→ EXERCISE PROMPT:
Reproduce the listing below exactly, except for its pictures.

→ GIVEN DATA:
---+---

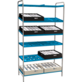 Användarvänligt rangerställ för förvaring av rena koppar och glas i diskkorgar SERVERINGSSTÄLL 50CM KORG från Diskomat har fem stadiga hyllplan varar två är snedställda för lättare åtkomst. Passar utmärkt för det professionella storköket.
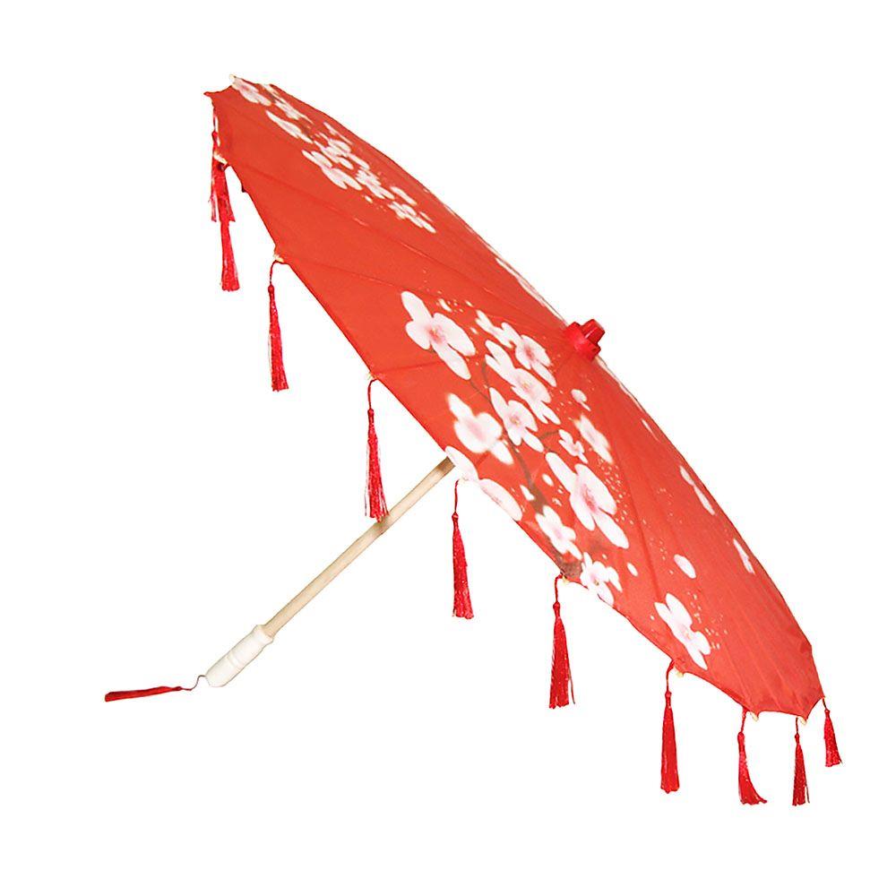 Китайские тканевые зонтики цветочные с кисточками 82х54 см
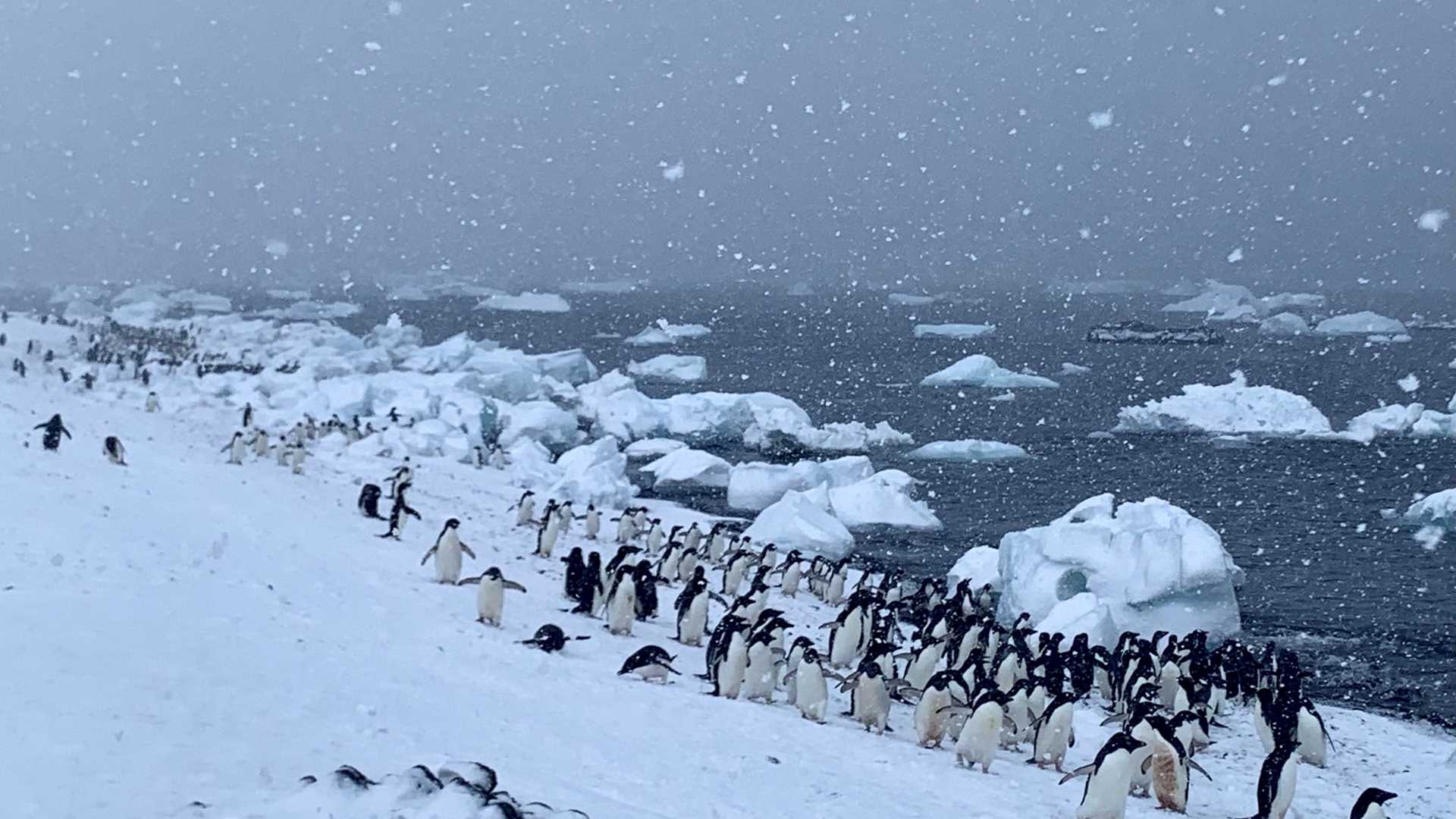 Lots of fluffy white stuff greeted us sideways, and the air temperature stayed below the freezing point. This was a “wrap up warmly” sort of landing. Large groups of porpoising penguins entertained everyone on Zodiac rides to the landing spot, where a winter wonderland greeted us. It is a spectacular sight to view thousands of Adelie penguins and a few gentoos line up by the hundreds to head out to forage in the sea. They looked a bit nervous as they passed, and rightly so. Leopard seals on penguin patrol waited along the water’s edge.

---+---

→ RESULT BELOW:
 Användarvänligt rangerställ för förvaring av rena koppar och glas i diskkorgar SERVERINGSSTÄLL 50CM KORG från Diskomat har fem stadiga hyllplan varar två är snedställda för lättare åtkomst. Passar utmärkt för det professionella storköket.
 Китайские тканевые зонтики цветочные с кисточками 82х54 см
 Lots of fluffy white stuff greeted us sideways, and the air temperature stayed below the freezing point. This was a “wrap up warmly” sort of landing. Large groups of porpoising penguins entertained everyone on Zodiac rides to the landing spot, where a winter wonderland greeted us. It is a spectacular sight to view thousands of Adelie penguins and a few gentoos line up by the hundreds to head out to forage in the sea. They looked a bit nervous as they passed, and rightly so. Leopard seals on penguin patrol waited along the water’s edge.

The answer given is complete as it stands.